--- Information shown ---
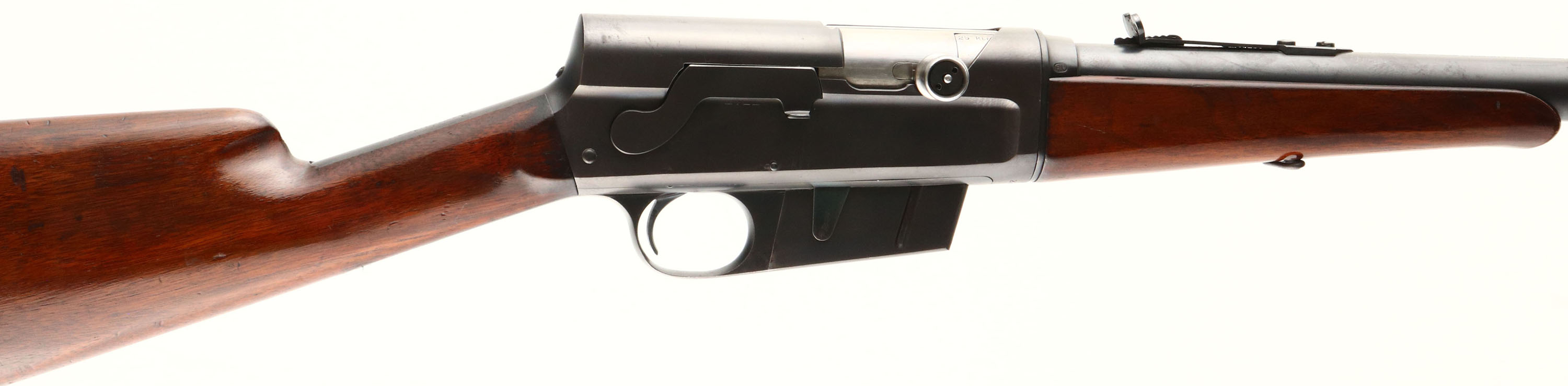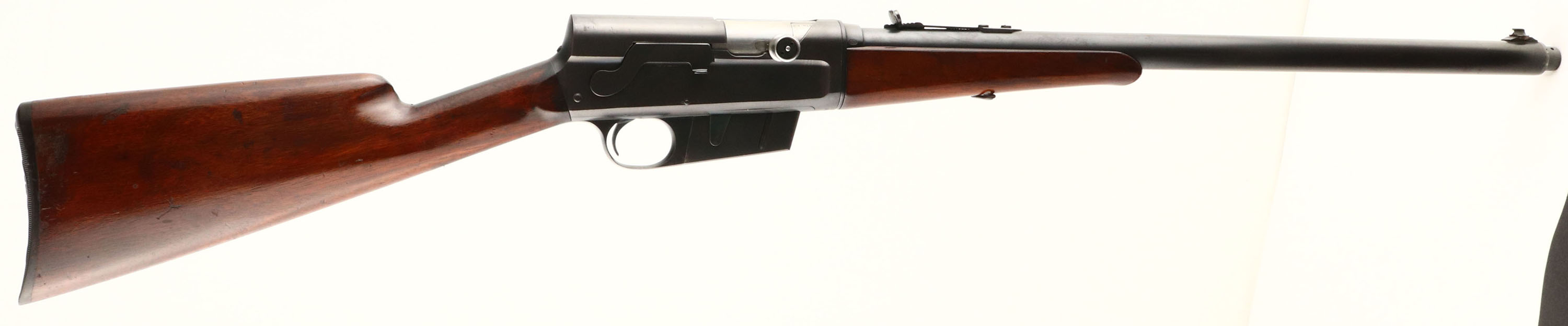 Remington, Model 8, .25 Rem Cal, MFG. 1912, SN: 29092, Semi-Auto Rifle, 22'' barrel. The original straight grip & schnabel forend stocks are excellent, with both appearing to carry the original finish, with a layer of added finish over the original. There are minor scuffs, scratches & contusions to the wood, & several larger scrapes to the lower half stock, mainly on the left side. The original metal blue finish rates 90% on the receiver, 85% on the barrel. Bore is good. Barrel is fitted with standard adjustable rear & blade front sights. Buttstock carries a Remington UMC plastic buttplate. 5 round fixed magazine. Tight action. The safety lever has some issues & doesn't always allow for trigger pull when open & won't always close into safety position either after pulling the trigger or before. We strongly recommend this rifle visit a gunsmith or knowledgeable repair individual to adjust or repair the issue before attempting to fire rifle. This is one of the rarer calibers & other than repair issue, a nice looking rifle. FFL or C&R Req. - Value: 600 to 800
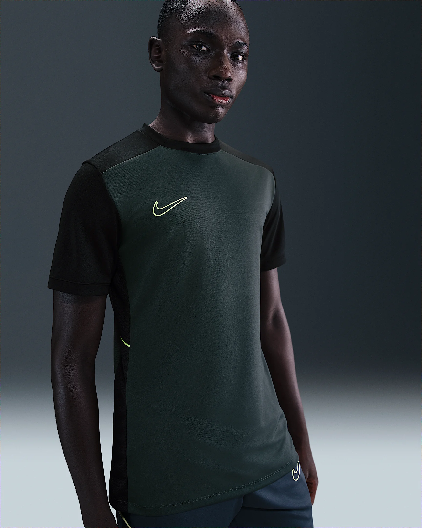 Built for soccer training, this Academy top feels ultralight and cool, with side mesh panels for extra airflow. Its slim fit gives a distraction-free feel as you push the pace through every drill and scrimmage. Benefits - Nike Dri-FIT technology moves sweat away from your skin for quicker evaporation, helping you stay dry and comfortable. - Smooth knit fabric feels light and cool. - Mesh side and back panels provide extra breathability. Product Details - Embroidered Swoosh logo - Body: 100% polyester. Mesh: 100% polyester. - Machine wash - Imported - Shown: Seaweed/Black/Limelight/Limelight - Style: HJ3791-390 SIZE & FIT Model is wearing size M and is 6′1″184cm Sm fit: sleek and tailored
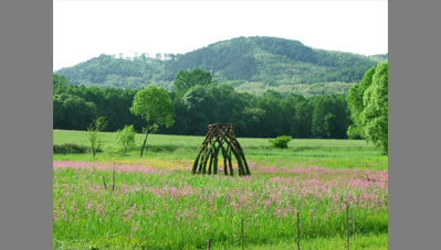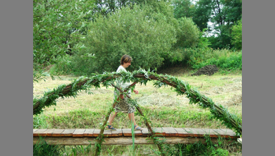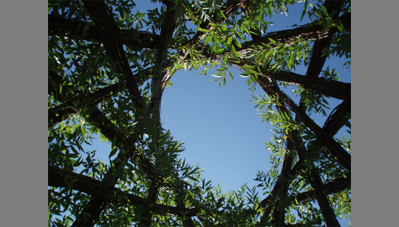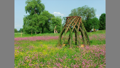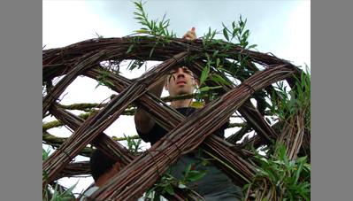 Az elkészült fűzkupola a kert élő építményévé vált.
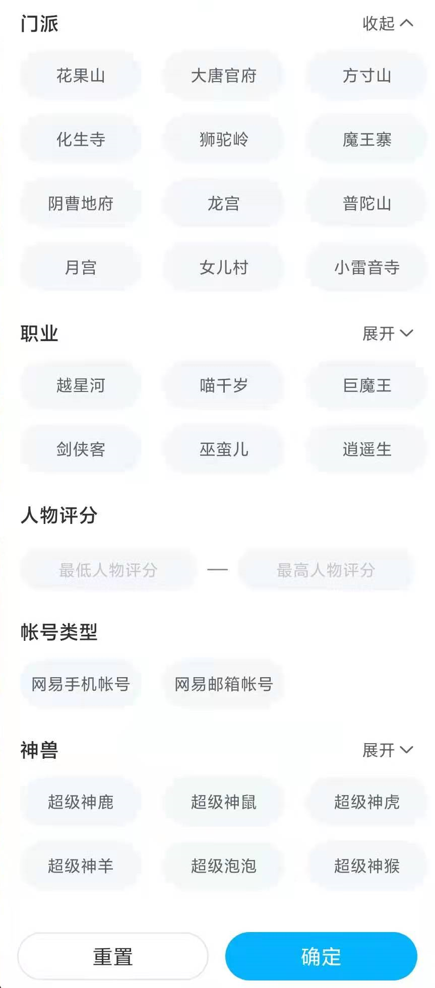 不同玩家玩游戲所追求的大有不同,有的喜歡物理戰(zhàn)士,有的喜歡法師奶媽。由于夢幻西游手游中有著十二門派和三個種族十九個職業(yè),在交易貓海量賬號一頁一頁翻過于麻煩。便利篩選的一眾詞條,像熱賣的大唐官府龍?zhí)印⒎酱缟絼b客等門派職業(yè)詞條,按你的喜好搭配,還有人物評分、神獸等內(nèi)容來篩選。
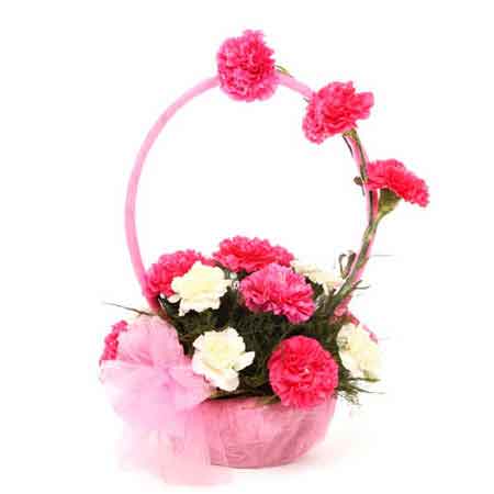 True to its name, this very unique gift looks just awesome. This very gorgeous bouquet is made up of very fresh and beautiful 8 pink carnations and 4 white carnations in a cute handle basket arrangement with net wrapping and net ribbon bow. It really looks fabulous.
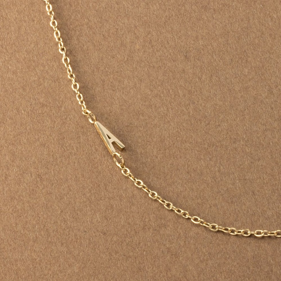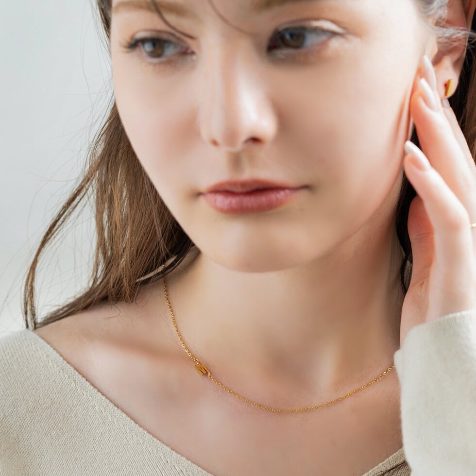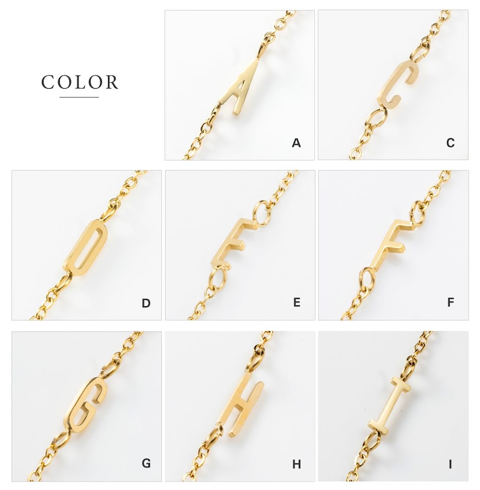さりげなくイニシャルが煌くステンレス製ネックレス。華奢なあずきチェーンと控えめサイズのモチーフで洗練された印象に導くスキンジュエリーです。主張しすぎないデザインで重ねづけ用やプレゼントにもオススメ◎錆びにくいステンレス製でデイリーに活躍しそう。
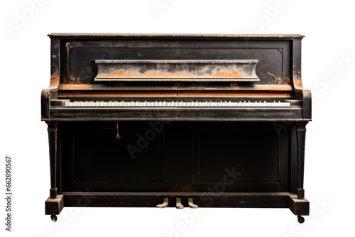 A very old black piano, vintage, honky tonk, saloon, isolated or white background
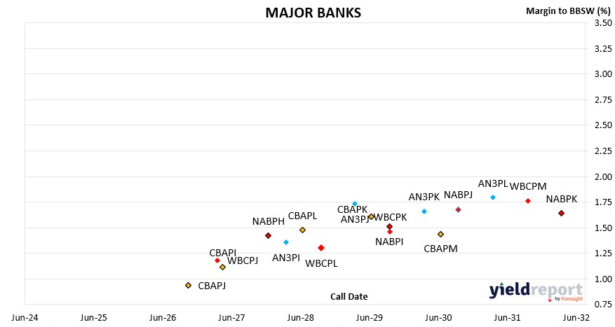 Judo Capital’s hybrid (JDOPA) stands out as the highest-yielding bank hybrid in the market, offering a running yield of 9.60% and a trading margin of 4.60%. Its elevated yield reflects both its relatively higher credit risk and investor appetite for enhanced returns.
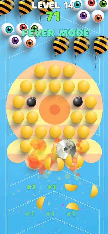 조심스럽게 각 레벨을 통해 "파워 업"이 있을 것입니다. 터치하면 톱의 이동 속도가 매우 빨라질 것입니다. 이제 폭탄에 맞지 않으려면 더 능숙해야 합니다. 때때로 당신은 보너스 카드를 플레이할 것입니다. 당신은 단순히 긴장을 풀 필요가 있습니다.
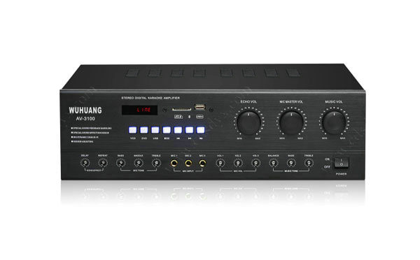 100W*2/8歐  頻率響應 20Hz-20kHz 總諧波失真 0.05%  尺寸:430*330*130mm  裝載USB/SD卡 藍牙播放器並配套紅外線遙控  三路麥克風輸入 內置卡拉OK自動靜噪電路 卡拉OK激勵效果功能  開機
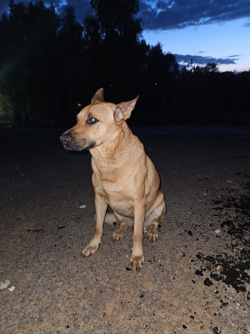 Пёс растерян, сидел на дороге на проезжей части, сам запрыгнул в багажник, отвезли с дороги на парковку на безопасное место. Сидит, не двигается, будто не понимает куда ему идти
---
Exercise description >>
Please output, exactly and with no pictures, only the lines from the one containing "頻率響應 20Hz-20kHz 總諧波失真" through the final line of the records above.

Response box >>
 100W*2/8歐  頻率響應 20Hz-20kHz 總諧波失真 0.05%  尺寸:430*330*130mm  裝載USB/SD卡 藍牙播放器並配套紅外線遙控  三路麥克風輸入 內置卡拉OK自動靜噪電路 卡拉OK激勵效果功能  開機
 Пёс растерян, сидел на дороге на проезжей части, сам запрыгнул в багажник, отвезли с дороги на парковку на безопасное место. Сидит, не двигается, будто не понимает куда ему идти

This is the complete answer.